I’m in Culiacán, the capital of the Mexican state of Sinaloa. Part of my work here has been to investigate and highlight the cyber-attacks that the award-winning weekly local newsmagazine Ríodoce has encountered in its coverage of the violent drugs war here.
But discussing the experiences of online editors at other publications here has shown just how intertwined the Net, the work of reporters, and the drug war have become.
Like many newspapers, Noroeste (“Northwest”) has a public discussion section underneath the online versions of its articles. Most pieces get a handful of comments. Discussions of the drug war can get more. And sometimes, members of the cartel themselves step in to comment.
The result is a verbal battleground between different gangs, seeking to turn the newspapers into a place where they can boast or threaten each other, or passersby.
Noroeste has over 500 employees, working on three local editions across the state of Sinaloa. Even so, the level of participation in these forums means they cannot monitor or screen every comment. Like almost all Internet publications, they use retrospective moderation, relying on their users to flag unsuitable messages.
But simply the act of removing a comment can cause trouble. When Noroeste‘s administrators removed one message recently, I was told by the newspapers’ director, the next comment was aimed at one of the newspaper’s editors more directly. “You did not publish our message,” it said. “We know who you are. And we know where your wife is. Watch out.” The wife’s movements as described by the commenter were recent, and accurate.

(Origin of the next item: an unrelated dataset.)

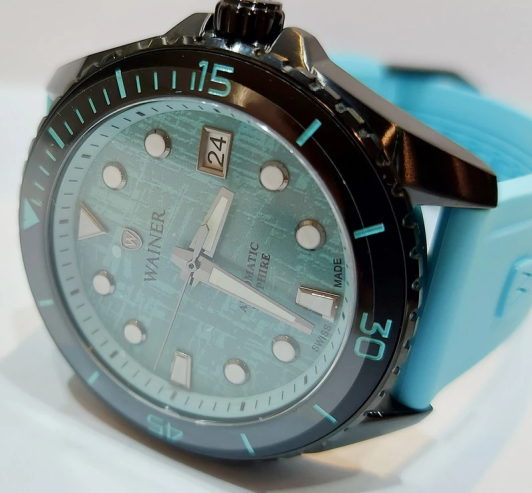 Модель Wainer WA.25110-A сочетает швейцарское качество, современный дизайн и надежность. Корпус диаметром 46 мм выполнен из нержавеющей стали с PVD-покрытиемPVDУльтратонкое покрытие наносится в технике вакуумного напыления, сочетает в себе нитрид титана особой прочности со слоем золота или оксида хрома. Несёт в себе декоративную или защитную функцию., придающим часам стильный и современный вид. Циферблат оформлен в динамичном стиле, а сапфировое стеклоСапфировое стеклоПрочный и надёжный материал из кристалла сапфира синтетического происхождения, характеризующийся особой твёрдостью и устойчивостью к царапинам и повреждениям. защищает его от царапин и механических повреждений, обеспечивая четкость отображения информации. Часы оснащены автоматическим механизмом, обеспечивающим точность хода. Гибкий силиконовый ремешок бирюзового цвета создает эффектный контраст и гарантирует комфортное ношение. Водонепроницаемость до 100 метров делает модель подходящей для плавания и активного отдыха. Wainer WA.25110-A — это стильный аксессуар для мужчин, ценящих сочетание яркого дизайна, швейцарской точности и спортивной функциональности.

In Sinaloa, journalists take such threats very seriously. In September 2010, two cartel members opened fire with AK-47s on the reception at Noroeste‘s Mazatlan regional offices. The publication’s staff was directly threatened in a cartel message scrawled on a blanket at the scene of the crime — a “narcomantas.” At the time, the attorney general stated the attack might have been due to the newspaper’s “refusal to publish certain information.” Both the region’s other major daily newspaper, El Debate, and Ríodoce also experienced attacks.
Journalists here risk their lives for reporting on forbidden topics — or even just photographing the wrong bystander at a crime scene. Noroeste‘s experience shows they also face retaliation for simply trying to prevent their own websites from becoming the Internet equivalent of narcomantas.